Records from a data source:
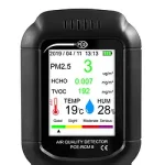 Indoor / Battery-powered multi-function particle counter / LC display / Mass concentration PM 1.0, PM 2.5, PM 10 / Formaldehyde / Alarm function / Temperature measurement / Foot stand / Switchable display
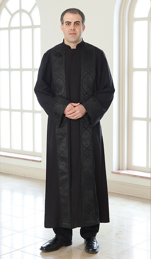 Robe is a straight cut, a modern fit to a classic pulpit robe with a stand up collar and a front placket with full length concealed zipper. Options include choice of cross or swirl brocade pattern and choice of full, flared, or flared with doctor bars sleeves. Also features option for one or two slits (one each side) for access to your pockets. Available lined or unlined and in white, off-white, or black. Dry clean only.
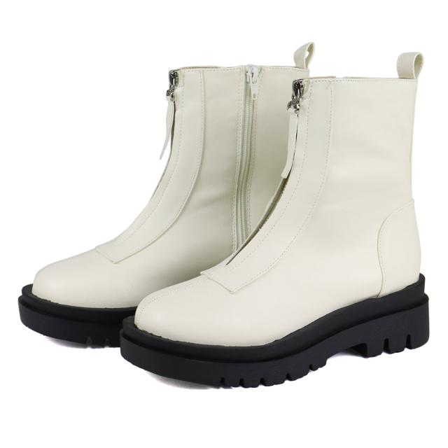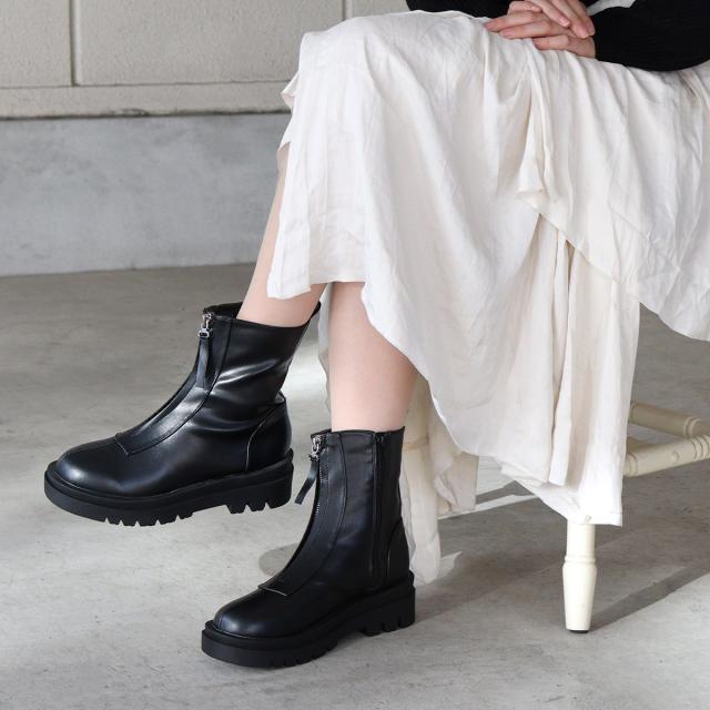 ・フロントジップ装飾が特徴的で、トレンド感のあるショートブーツ。
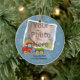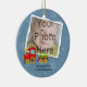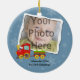 Fun and cute personalized photo Christmas ornamnent. Winter Toy Train Design for Baby or Kids. Could be a great Baby's First Christmas Ornament. Add your own digital photo and headline. Features white, snowy frame with light blue and white snowflakes background along with an adorable colourful toy choo-choo train in red, yellow, orange and green! A perfect memento keepsake for any special holiday year.
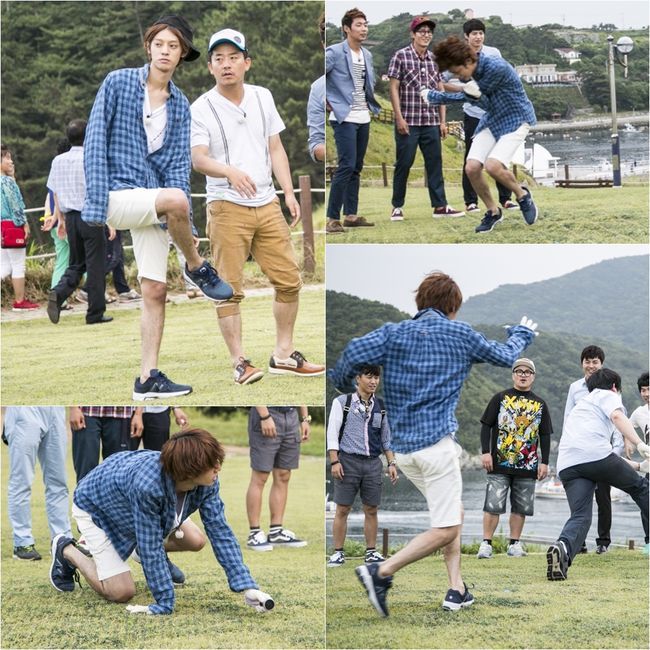 공개된 사진 속 정준영은 거제도의 유명 관광지인 '바람의 언덕'에서 덕을 겨루는 '코끼리 코 후 상대팀 얼굴에 도장찍기' 게임을 하고 있다. 정준영은 게임이 공개되기 전부터 자신만의 방법으로 몸을 풀더니, 김명호 국사 선생님과 게임에서 만나자 전의를 활활 불태워 웃음을 자아냈다.

Exercise objective: Copy the data above word for word. Pictures stay out.

Exercise result:
 Indoor / Battery-powered multi-function particle counter / LC display / Mass concentration PM 1.0, PM 2.5, PM 10 / Formaldehyde / Alarm function / Temperature measurement / Foot stand / Switchable display
 Robe is a straight cut, a modern fit to a classic pulpit robe with a stand up collar and a front placket with full length concealed zipper. Options include choice of cross or swirl brocade pattern and choice of full, flared, or flared with doctor bars sleeves. Also features option for one or two slits (one each side) for access to your pockets. Available lined or unlined and in white, off-white, or black. Dry clean only.
 ・フロントジップ装飾が特徴的で、トレンド感のあるショートブーツ。
 Fun and cute personalized photo Christmas ornamnent. Winter Toy Train Design for Baby or Kids. Could be a great Baby's First Christmas Ornament. Add your own digital photo and headline. Features white, snowy frame with light blue and white snowflakes background along with an adorable colourful toy choo-choo train in red, yellow, orange and green! A perfect memento keepsake for any special holiday year.
 공개된 사진 속 정준영은 거제도의 유명 관광지인 '바람의 언덕'에서 덕을 겨루는 '코끼리 코 후 상대팀 얼굴에 도장찍기' 게임을 하고 있다. 정준영은 게임이 공개되기 전부터 자신만의 방법으로 몸을 풀더니, 김명호 국사 선생님과 게임에서 만나자 전의를 활활 불태워 웃음을 자아냈다.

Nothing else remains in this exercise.